TheRtoODE2function simply callsRtoODEand then takes the final two rows of the output.

Create a new optimization expression fromRtoODE2and the optimization variabler, the time span datatspan, and the initial pointy0．

myfcn2 = fcn2optimexpr(@RtoODE2,r,tspan,y0);

Modify the comparison data to include outputs 5 and 6 only.

yvals2 = yvalstrue([5,6],:);

Create a new objective and new optimization problem from the optimization expressionmyfcn2and the comparison datayvals2．

obj2 = sum(sum((myfcn2 - yvals2).^2)); prob2 = optimproblem("Objective",obj2);

Solve the problem based on this limited set of observations.

[rsol2,sumsq2] = solve(prob2,r0)

Solving problem using lsqnonlin. Local minimum possible. lsqnonlin stopped because the final change in the sum of squares relative to its initial value is less than the value of the function tolerance.

rsol2 =struct with fields:r: [3x1 double]

sumsq2 = 2.1616e-05

Once again, the returned sum of squares is essentially zero. Does this mean that the solver found the correct reaction rates?

disp(rsol2.r)

1.7811 1.5730 0.5899

disp(rtrue)

2.5000 1.2000 0.4500

No; in this case, the new rates are quite different from the true rates.

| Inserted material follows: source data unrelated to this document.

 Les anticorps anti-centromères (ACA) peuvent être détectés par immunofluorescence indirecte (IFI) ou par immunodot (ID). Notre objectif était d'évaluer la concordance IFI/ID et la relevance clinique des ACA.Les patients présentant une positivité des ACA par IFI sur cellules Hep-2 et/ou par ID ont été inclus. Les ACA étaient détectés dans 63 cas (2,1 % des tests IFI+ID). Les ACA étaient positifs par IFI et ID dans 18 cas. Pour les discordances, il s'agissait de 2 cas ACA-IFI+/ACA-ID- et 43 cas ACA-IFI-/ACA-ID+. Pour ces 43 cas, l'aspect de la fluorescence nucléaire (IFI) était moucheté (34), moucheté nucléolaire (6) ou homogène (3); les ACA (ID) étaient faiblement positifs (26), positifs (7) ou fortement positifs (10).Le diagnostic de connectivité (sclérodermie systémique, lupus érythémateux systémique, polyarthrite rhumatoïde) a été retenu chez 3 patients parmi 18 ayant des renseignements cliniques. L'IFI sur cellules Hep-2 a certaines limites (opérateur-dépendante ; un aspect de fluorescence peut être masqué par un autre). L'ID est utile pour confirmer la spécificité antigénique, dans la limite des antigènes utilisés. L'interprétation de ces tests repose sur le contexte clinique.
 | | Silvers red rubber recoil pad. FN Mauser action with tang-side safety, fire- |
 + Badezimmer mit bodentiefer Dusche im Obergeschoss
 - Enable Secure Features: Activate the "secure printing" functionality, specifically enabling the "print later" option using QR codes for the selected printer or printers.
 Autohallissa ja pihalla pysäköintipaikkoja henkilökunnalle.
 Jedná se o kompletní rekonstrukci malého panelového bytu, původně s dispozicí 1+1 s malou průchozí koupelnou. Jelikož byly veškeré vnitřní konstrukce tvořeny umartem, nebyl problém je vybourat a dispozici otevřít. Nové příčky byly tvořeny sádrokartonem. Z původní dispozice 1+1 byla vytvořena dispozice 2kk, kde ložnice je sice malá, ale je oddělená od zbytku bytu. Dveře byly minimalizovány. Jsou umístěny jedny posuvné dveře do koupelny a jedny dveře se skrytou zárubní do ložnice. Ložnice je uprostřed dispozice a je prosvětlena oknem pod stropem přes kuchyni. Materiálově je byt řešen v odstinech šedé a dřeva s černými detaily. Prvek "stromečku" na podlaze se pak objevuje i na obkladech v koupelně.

However, a plot of the new ODE solution compared to the true values shows thaty(5)andy(6)match the true values.

figure plot(tspan,yvals2(1,:),'b-') holdonss2 = RtoODE2(rsol2.r,tspan,y0); plot(tspan,ss2(1,:),'r--') plot(tspan,yvals2(2,:),'c-') plot(tspan,ss2(2,:),'m--') legend('True y(5)','New y(5)','True y(6)','New y(6)','Location','northwest') holdoff

Figure contains an axes object. The axes object contains 4 objects of type line. These objects represent True y(5), New y(5), True y(6), New y(6).

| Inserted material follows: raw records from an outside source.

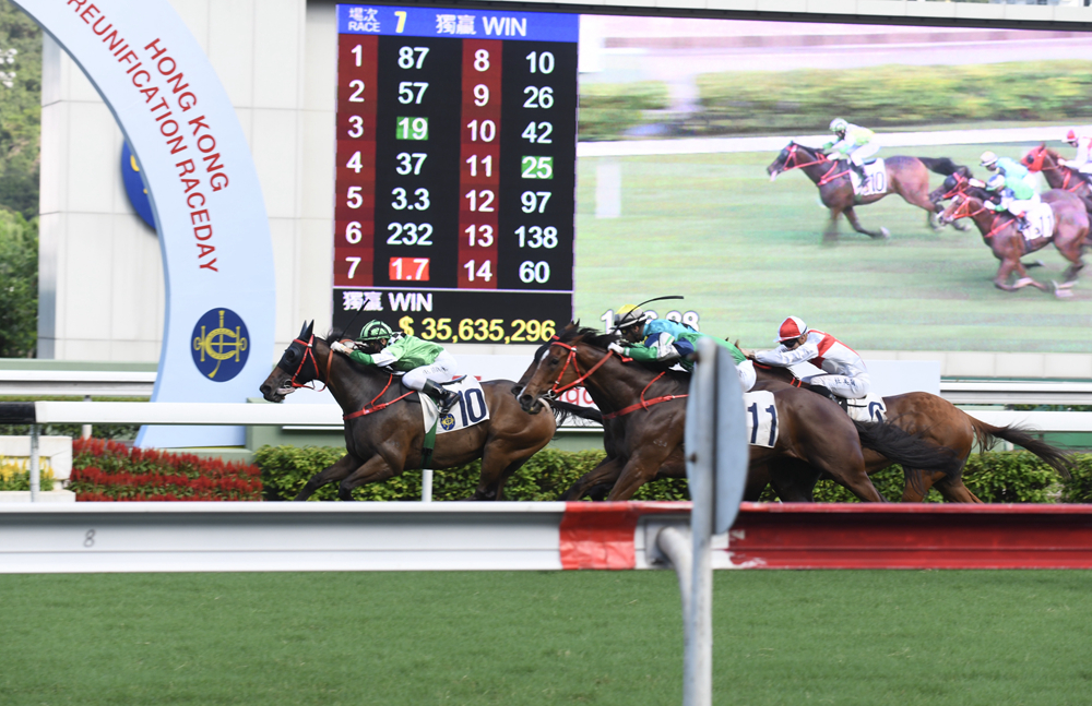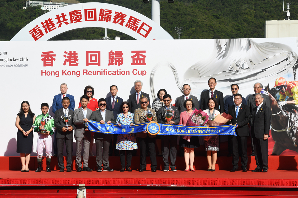 另一方面,香港賽馬會於昨日在沙田馬場再度舉辦「香港共慶回歸賽馬日」活動,並舉行兩場重點賽事,包括第七場的「香港回歸盃」及第六場的「粵港盃」,吸引成千上萬馬迷進場觀賞,一起感受回歸的喜悅。「香港回歸盃」由沈集成訓練、巫顯東策騎的「環保動力」勝出;「粵港盃」則由約翰摩亞訓練、潘頓策騎的「二郎」奪冠。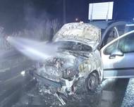 Plameny zcela pohltily osobní auto, dálnice na Prahu stála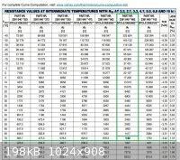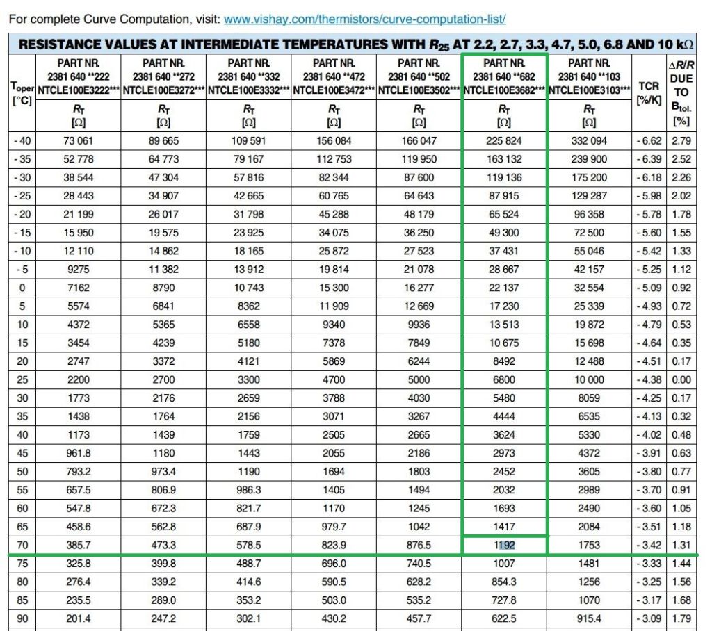 Ja vaadates kiirelt tabeleid ja võttes 70C ja 1000 ohms tõepähe, siis kõige lähemal tundus olevat 6,8k ohmine NTC takisti.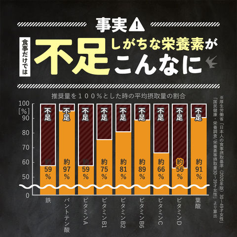 ビタミンB6:100% ビタミンB12:60% ビタミンC:100% ビタミンD:33% ビタミンE:100% 葉酸:83%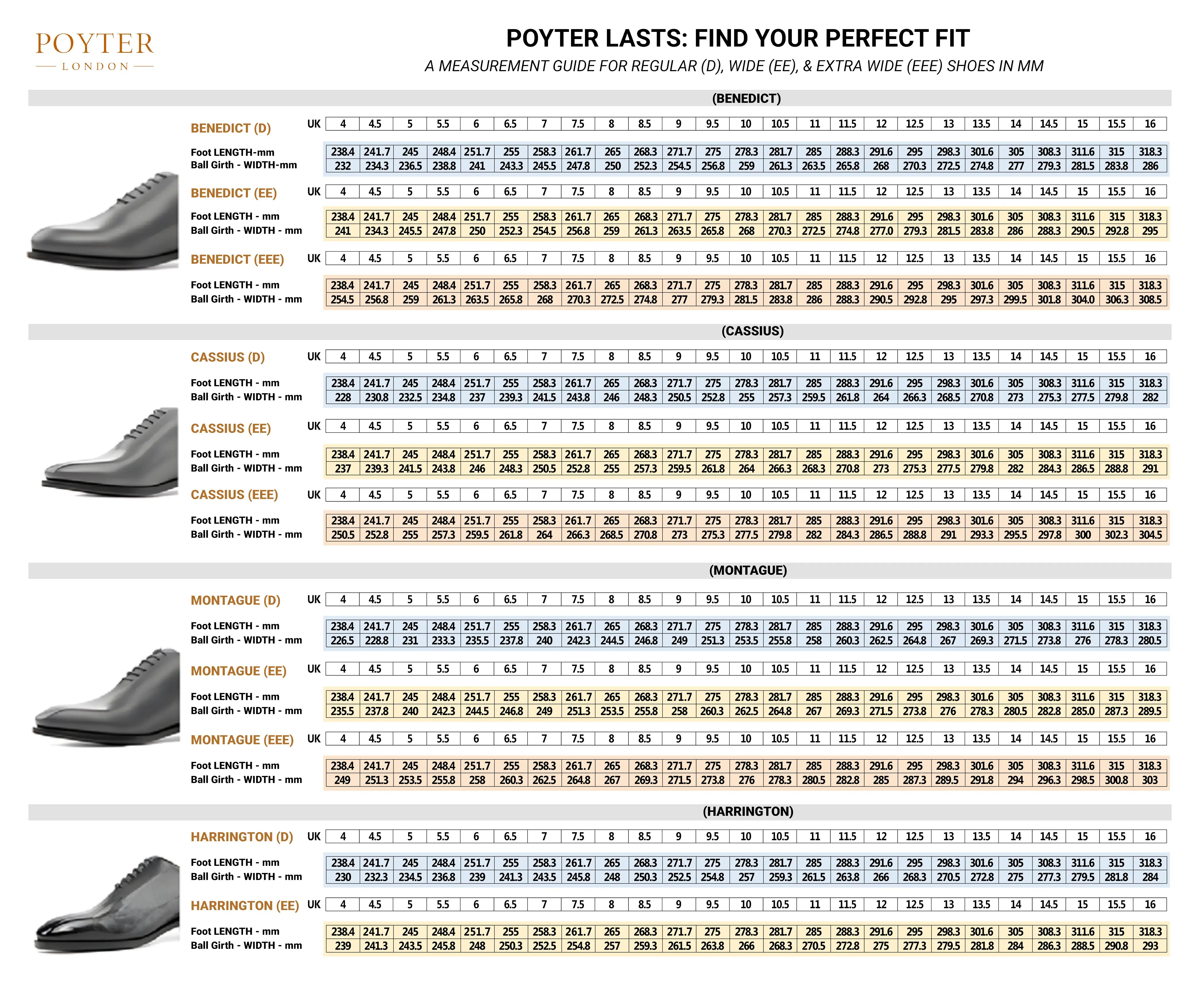 Simply measure your foot length and ball girth, then match them with our size chart below. If they align, you’re ready to design your perfect pair in any style, leather, or sole combination, with confidence in the fit.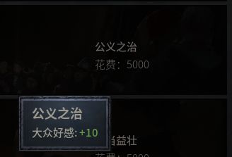 维稳用,短暂统治-20%对换代来说有用,不过换代有更好的压制封臣手段。大众好感+10是很好的,【大众好感】不等于【公众好感】,前者既加封臣、领主、外国君臣的好感,又加直属的公众好感,后者只加直属的公众好感。但是这俩太贵,不走基因飞升的话可以点。走基因飞升的话基本没机会点了,一是点数不够,二是后期这俩其实作用被稀释了。

To identify the correct reaction rates for this problem, you must have data for more observations thany(5)andy(6)．

Plot all the components of the solution with the new parameters, and plot the solution with the true parameters.

figure yvals2 = RtoODE(rsol2.r,tspan,y0);fori = 1:6 subplot(3,2,i) plot(tspan,yvalstrue(i,:),'b-',tspan,yvals2(i,:),'r--') legend('True','New','Location','best') title(['y(',num2str(i),')'])end

With the new parameters, substances $C_{1}$ and $C_{2}$ drain more slowly, and substance $C_{3}$ does not accumulate as much. But substances $C_{4}$ , $C_{5}$ , and $C_{6}$ have exactly the same evolution with both the new parameters and the true parameters.